It sounds like the
something from the script of a Hollywood action adventure. But the 'mystery of the
moving mummy' - which has seen an Egyptian statue mysteriously
start to spin round in a display case - has spooked museum bosses. The 10-inch tall relic, an
offering to the Egyptian God Osiris, was found in a mummy's tomb and has been
at the Manchester Museum for 80 years. But in recent weeks, curators have been
left scratching their heads after they kept finding it facing the wrong way.
They now believe there could be a 'spiritual explanation' for the turning
statue. It is believed that there is a curse of the pharaohs which strikes
anyone who dares to take relics from a pyramid tomb.

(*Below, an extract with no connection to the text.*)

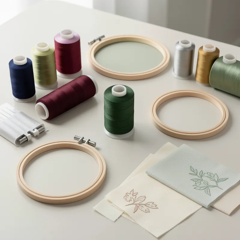 Découvrez le matériel indispensable pour broderie machine : fils polyester et rayonne, stabilisateurs, cerceaux magnétiques et aiguilles. Comparatif par tissu et projet.

Experts decided to monitor
the room on time-lapse video and were astonished to see it clearly show the
statuette spinning 180 degrees - with nobody going near it. The statue of a man named
Neb-Senu is seen to remain still at night but slowly rotate round during the
day. Now scientists are trying to explain the phenomenon, with TV physicist
Brian Cox among the experts being consulted. Scientists who explored the
Egyptian tombs in the 1920s were popularly believed to be struck by a 'curse of
the Pharaohs'. Now Campbell Price, a curator at the museum on Oxford
Road, said he believes there may be a spiritual explanation to the spinning
statue.
Video after the cut.............
Egyptologist Mr Price, 29,
said: 'I noticed one day that it had turned around. 'I thought it was strange
because it is in a case and I am the only one who has a key. 'I put it back but then the
next day it had moved again. 'We set up a time-lapse
video and, although the naked eye can't see it, you can clearly see it rotate
on the film. 'The statuette is something that used to go in the tomb along
with the mummy. 'Mourners would lay offerings at its feet. The hieroglyphics on
the back ask for 'bread, beer and beef'. 'In Ancient Egypt they believed that
if the mummy is destroyed then the statuette can act as an alternative vessel
for the spirit. 'Maybe that is what is causing the movement.'
Other experts have a more
rational explanation - suggesting that the vibrations caused by the footsteps
of passing visitors makes the statuette turn. That's the theory favoured
by Professor Cox - but Campbell said he was not convinced. 'Brian thinks it's
differential friction,' he said. 'Where two surfaces, the serpentine stone
of the statuette and glass shelf it is on, cause a subtle vibration which is
making the statuette turn. But it has been on those surfaces since we have had
it and it has never moved before. And why would it go around in a perfect
circle?' Campbell is urging members of the public to come along and take a look
for themselves. 'It would be great if someone could solve the mystery,' he
added.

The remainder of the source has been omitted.